Currently, piezosensors serve as useful tools for studying eukaryotic cells by providing real-time information on processes such as adhesion, changes in morphology, regulatory aspects, apoptosis, and allowing for testing of the physiological effects of new drugs, toxicity, and biocompatibility assays. Direct, label-free, real-time monitoring of affinity interactions with piezoelectric sensors is an economical alternative to other, often overpriced systems. The piezoelectric system is an open platform that allows moderately skilled researchers to build experimental devices from shell components. This results in a wide range of applications. Additionally, combining it with other sensing technologies can lead to innovative scientific achievements.

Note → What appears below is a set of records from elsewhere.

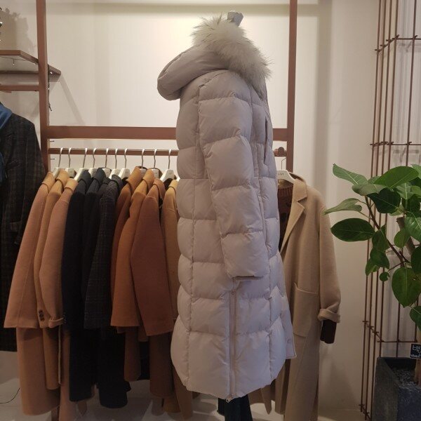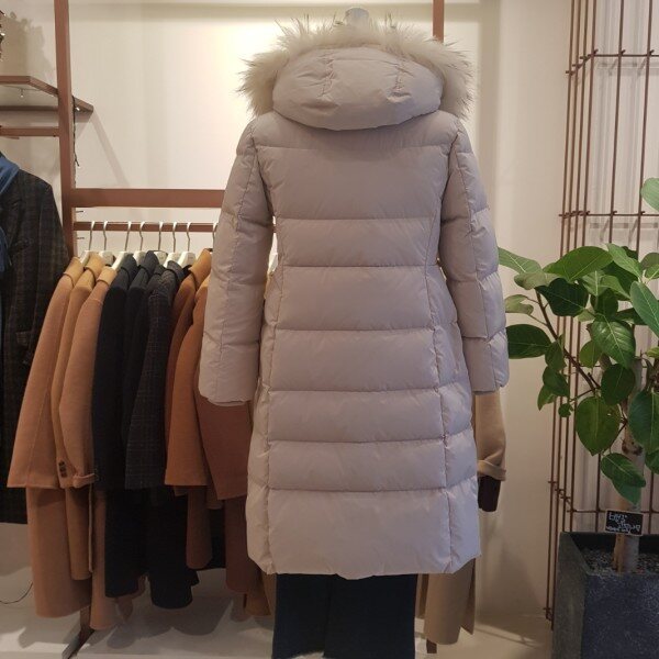 오리털이 빵빵하게 들어가잇으나 날씬한핏으로 예쁘게 떨어진 롱패딩입니다후드 탈부착 가능하며 퍼만 따로 털어지지는 않아요~소매가 니트 시보리 되어잇어 단정함을 주는 덕다운입니다.포켓이 아래위로 두개씩 되어있어서 더욱 실용적입니다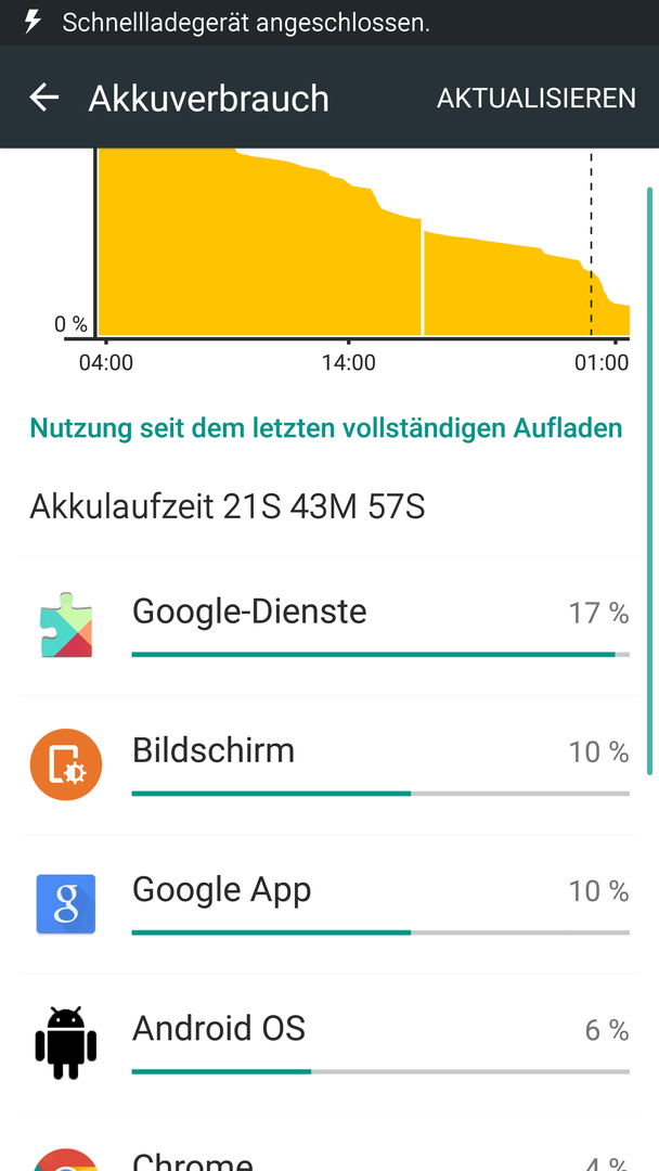 Sobald ich den Push dienst aktiviere fällt die Akkuladung rapide. Siehe Bild. Ich denke 10 Stunden ohne Filme schauen, oder Spiele ist sehr wenig.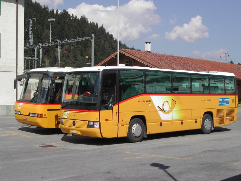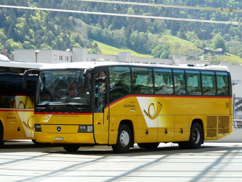 Postauto - Mercedes O 404 TI 215030 bei den Postautohaltestellen über dem Bahnhof von Chur am 07.05.2009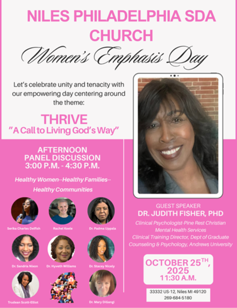 Join us for a power-packed Women's Emphasis Day at the Niles Philadelphia Seventh-day Adventist Church. Our theme is "Thrive: A Call to Living God's Way." The day begins at 11:30 a.m. with special guest speaker Judith Fisher, PhD,... read more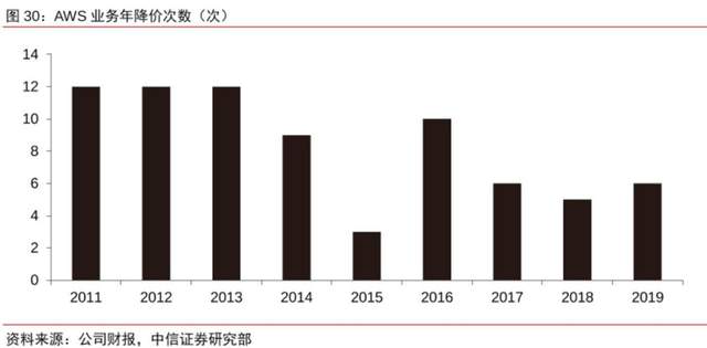另外,全球云计算厂商都在进行一场价格战的比拼。以巨头亚马逊AWS为例,亚马逊AWS曾连续三年每年降价12次,现在也有一年6次降价。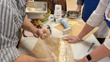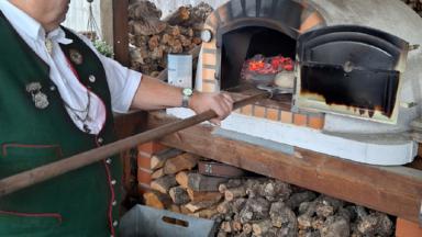 Die anwesenden Kursteilnehmer, konnten nicht nur zuschauen, sondern auch selbst mit Hand anlegen, wie z.B. die verschiedensten Strudelteige herstellen, Brotteig ansetzen, oder Brote in den vorgeheizten Steinbackofen einschießen usw. Die Teilnehmerinnen und Teilnehmer hatten sichtlich Freude daran, traditionelle Backtechniken auszuprobieren. Der köstliche Duft frisch gebackener Spezialitäten erfüllte die Edelweiß-Scheuer und lud anschließend zum Verkosten ein.
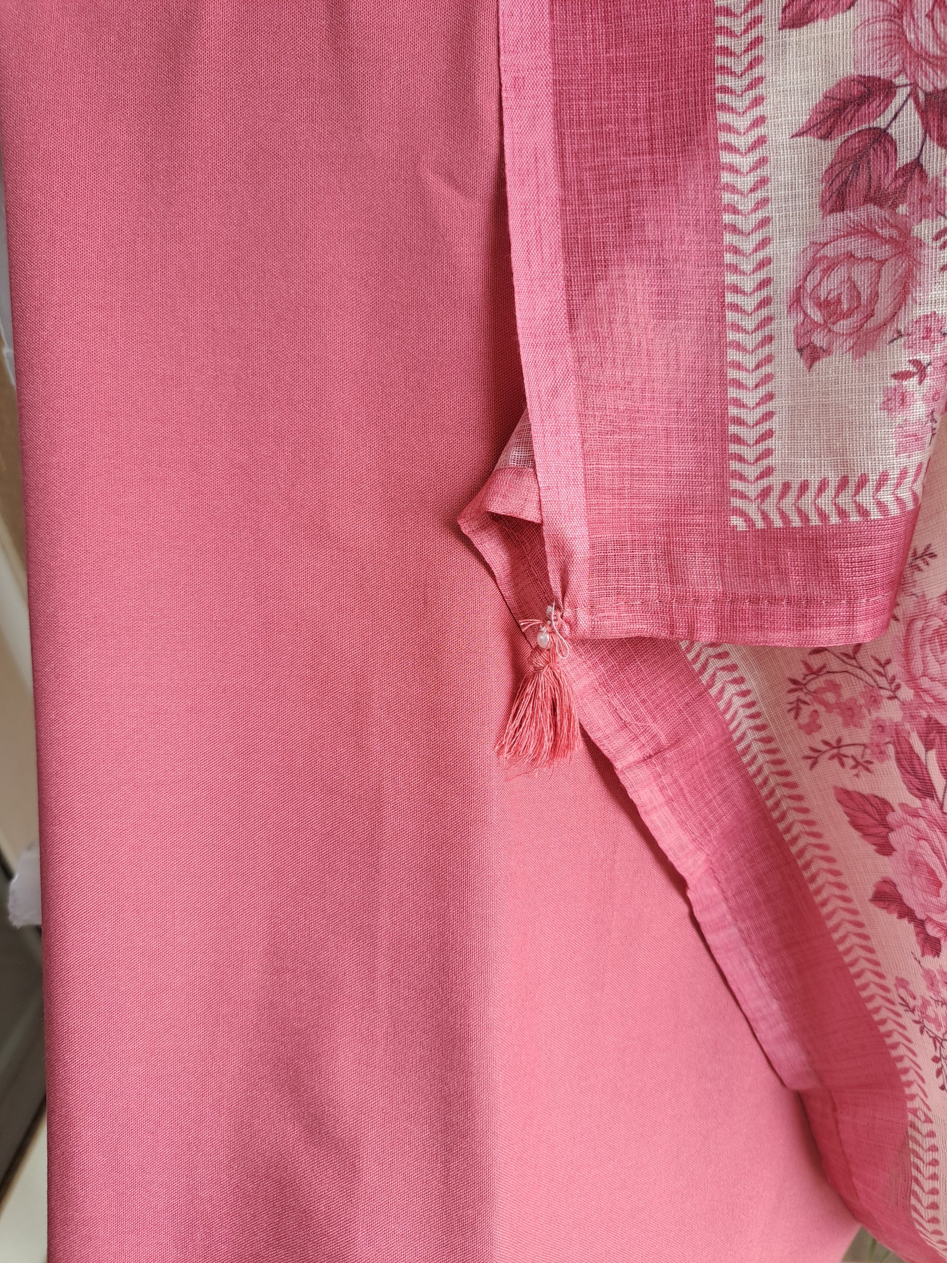 The plain rust bottom provides a balanced base, while the Maheshwari dupatta steals the spotlight with detailed block prints, all-over Kantha stitches, and tassel accents that bring movement and grace.

The aim of this contribution was to demonstrate different types of analytes measurable with piezosensors. In addition to the traditionally interpreted mass changes, additional sensing approaches appeared. On the other hand, piezosensors are also useful as a research tool for biochemistry and biology. The theoretical background for determination of kinetic rate and equilibrium constants was presented.

To conclude, the daily use of piezosensors often requires some active contribution from the users, which is stimulating for finding innovative ways, and promotes scientific progress.